Problem requirements >>
Exclude the pictures. Transcribe exactly, and only, the lines from the one holding "将葱段、姜片、花椒、大料、桂皮、草果等调料放进去" to the end of the material below.

Given data >>
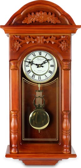 Bedford Clock Collection offers you the elegance and beauty of classic style with the modern reliable technology of today's wall clocks. Whether a gift to your self or for someone else, this clock will add a special touch of sophistication to any room. With its stunning Padauk Oak finish, Golden Accents and Swinging Pendulum, this wall mountable time piece is not only an attractive focal point, but a functional and reliable piece of technology. With 4 distinct Chimes, the clock will announce the beginning of each new hour for your convenience. Carved details and special touches through out , as well as a convenient Sleep Mode that provides you with the option to pause the melodic chimes of this beautiful time piece for an entire 12 hour period with a simple push of your finger. Item Dimensions: 5.75" x 12.75" x 27.50" Item Weight: 9.60lbs
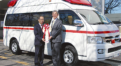 これは消防車両の更新に伴う廃車車両を有効活用したもの。寄贈先の選定では市内の二次医療機関に募集を行い、申し出のあった同院に決定した。
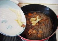 将葱段、姜片、花椒、大料、桂皮、草果等调料放进去
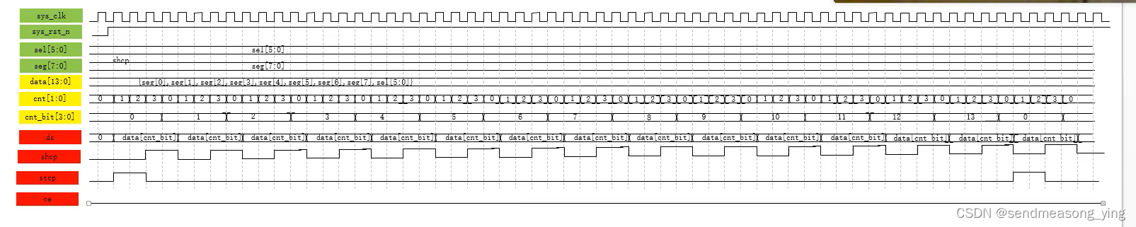 因为q0是最高位,共阳极数码管结构是dp....a,所以应该先传入低位a,而a在上图中的8段2进制编码中是seg[7],所以段选信号的顺序是seg[0],...seg[7]。

Solved problem >>
 将葱段、姜片、花椒、大料、桂皮、草果等调料放进去
 因为q0是最高位,共阳极数码管结构是dp....a,所以应该先传入低位a,而a在上图中的8段2进制编码中是seg[7],所以段选信号的顺序是seg[0],...seg[7]。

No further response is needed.